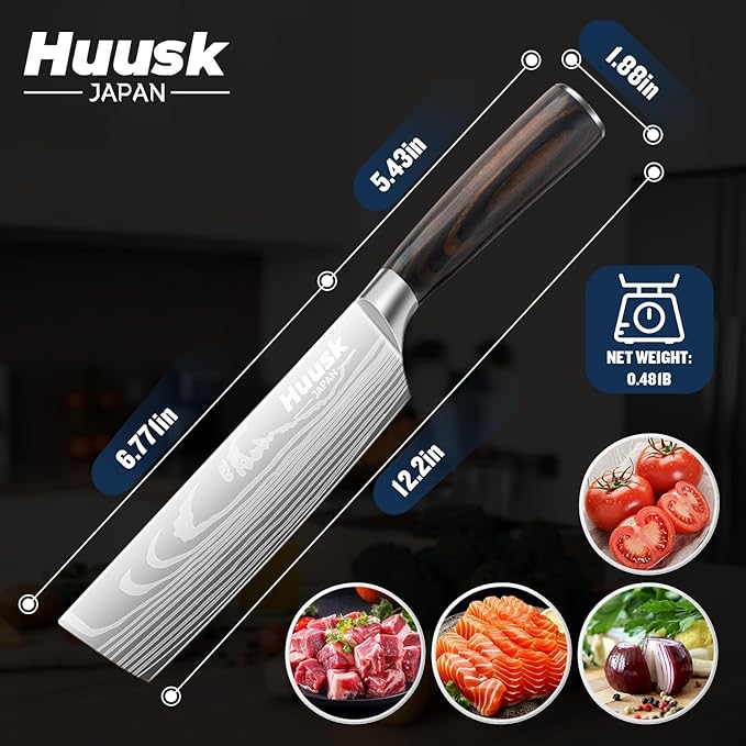 • ๐”๐ง๐ฆ๐š๐ญ๐œ๐ก๐ž๐ ๐•๐ž๐ซ๐ฌ๐š๐ญ๐ข๐ฅ๐ข๐ญ๐ฒ--With its razor-sharp blade and thin profile, the HUUSK Asian Nakiri Knife excels at a wide range of kitchen tasks. From effortlessly slicing through vegetables to finely mincing herbs, it offers unmatched versatility and precision, making meal preparation a breeze.
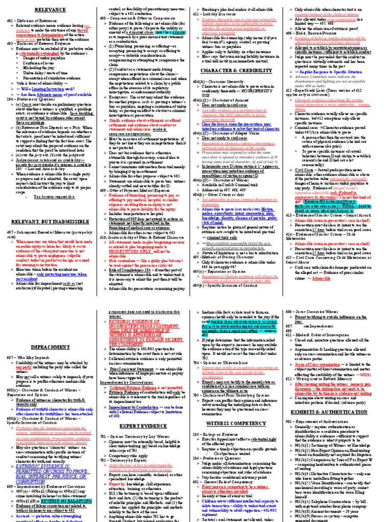 Maryland Rules Of Evidence Cheat Sheet
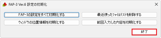 [FAP-3の設定をすべて初期化する]ボタンをクリックします。
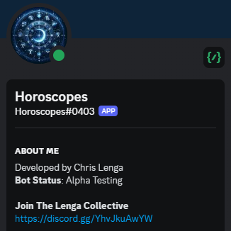 This bot would post horoscopes in pre-defined channels each morning based on admin-configured settings. Originally the project started out as a custom integration for a client, but after multiple requests from others I migrated it to a multi-server bot that at its peak served hundreds of servers and was verified by Discord. The bot pulled horoscope data from a third-party API and formatted it nicely for Discord channels. Due to changes in the API's pricing model and increased costs, I made the decision to retire the bot as maintaining it was no longer financially viable.
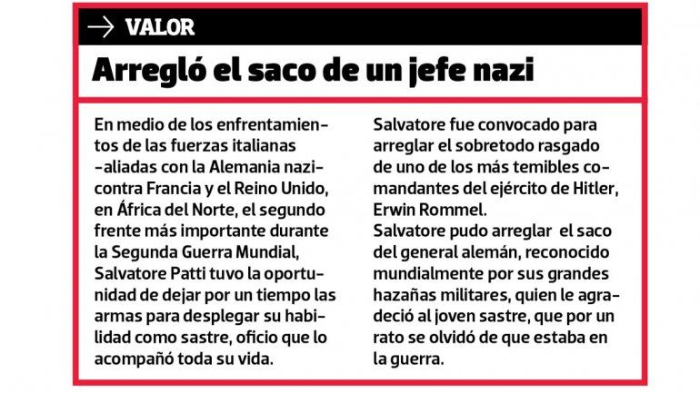 Salvatore combatió en África, donde tuvo un particular contacto con uno de los jefes nazis más reconocidos por sus hazañas guerreras (ver aparte). Luego de la contienda bélica, Salvatore llegó a la Argentina, donde abrió su sastrería.
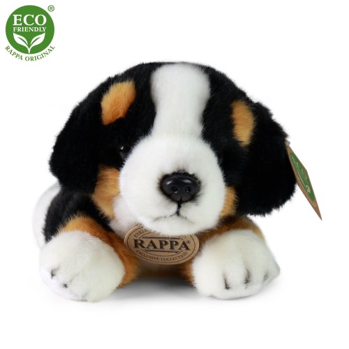 Plyšový bernský salašnícky pes ležiaci o veľkosti 20 cm je ručne ušitý z vysoko kvalitného jemného plyšu, a vďaka tomu vyzerá ako živý. Tento plyšový kúsok je ideálnym darčekom pre všetkých milovníkov hebučkých plyšákov. Je súčasťou exkluzívnej kolekcie plyšových hračiek značky RAPPA. Hlavné vlastnosti: realistické zvieratkokoručné spracovanie vysoko kvalitný plyš ECO-FRIENDLY výplň Čo to vlastne ECO-FRIENDLY znamená? Výplň plyšovej hračky je vyrobená z recyklovaných PET fliaš. Tento materiál je úplne bezpečný, na omak nerozoznateľný od štandardnej výplne a plne atestovaný pre bezpečnosť aj tých najmenších. Rozhodli sme sa ísť zelenou cestou čo najmenej zaťažujúcou životné prostredie – cestou ECO-FRIENDLY.
──────────
> What is expected
Retype the whole listing above exactly as written. Skip the pictures.

> Task solution
 • ๐”๐ง๐ฆ๐š๐ญ๐œ๐ก๐ž๐ ๐•๐ž๐ซ๐ฌ๐š๐ญ๐ข๐ฅ๐ข๐ญ๐ฒ--With its razor-sharp blade and thin profile, the HUUSK Asian Nakiri Knife excels at a wide range of kitchen tasks. From effortlessly slicing through vegetables to finely mincing herbs, it offers unmatched versatility and precision, making meal preparation a breeze.
 Maryland Rules Of Evidence Cheat Sheet
 [FAP-3の設定をすべて初期化する]ボタンをクリックします。
 This bot would post horoscopes in pre-defined channels each morning based on admin-configured settings. Originally the project started out as a custom integration for a client, but after multiple requests from others I migrated it to a multi-server bot that at its peak served hundreds of servers and was verified by Discord. The bot pulled horoscope data from a third-party API and formatted it nicely for Discord channels. Due to changes in the API's pricing model and increased costs, I made the decision to retire the bot as maintaining it was no longer financially viable.
 Salvatore combatió en África, donde tuvo un particular contacto con uno de los jefes nazis más reconocidos por sus hazañas guerreras (ver aparte). Luego de la contienda bélica, Salvatore llegó a la Argentina, donde abrió su sastrería.
 Plyšový bernský salašnícky pes ležiaci o veľkosti 20 cm je ručne ušitý z vysoko kvalitného jemného plyšu, a vďaka tomu vyzerá ako živý. Tento plyšový kúsok je ideálnym darčekom pre všetkých milovníkov hebučkých plyšákov. Je súčasťou exkluzívnej kolekcie plyšových hračiek značky RAPPA. Hlavné vlastnosti: realistické zvieratkokoručné spracovanie vysoko kvalitný plyš ECO-FRIENDLY výplň Čo to vlastne ECO-FRIENDLY znamená? Výplň plyšovej hračky je vyrobená z recyklovaných PET fliaš. Tento materiál je úplne bezpečný, na omak nerozoznateľný od štandardnej výplne a plne atestovaný pre bezpečnosť aj tých najmenších. Rozhodli sme sa ísť zelenou cestou čo najmenej zaťažujúcou životné prostredie – cestou ECO-FRIENDLY.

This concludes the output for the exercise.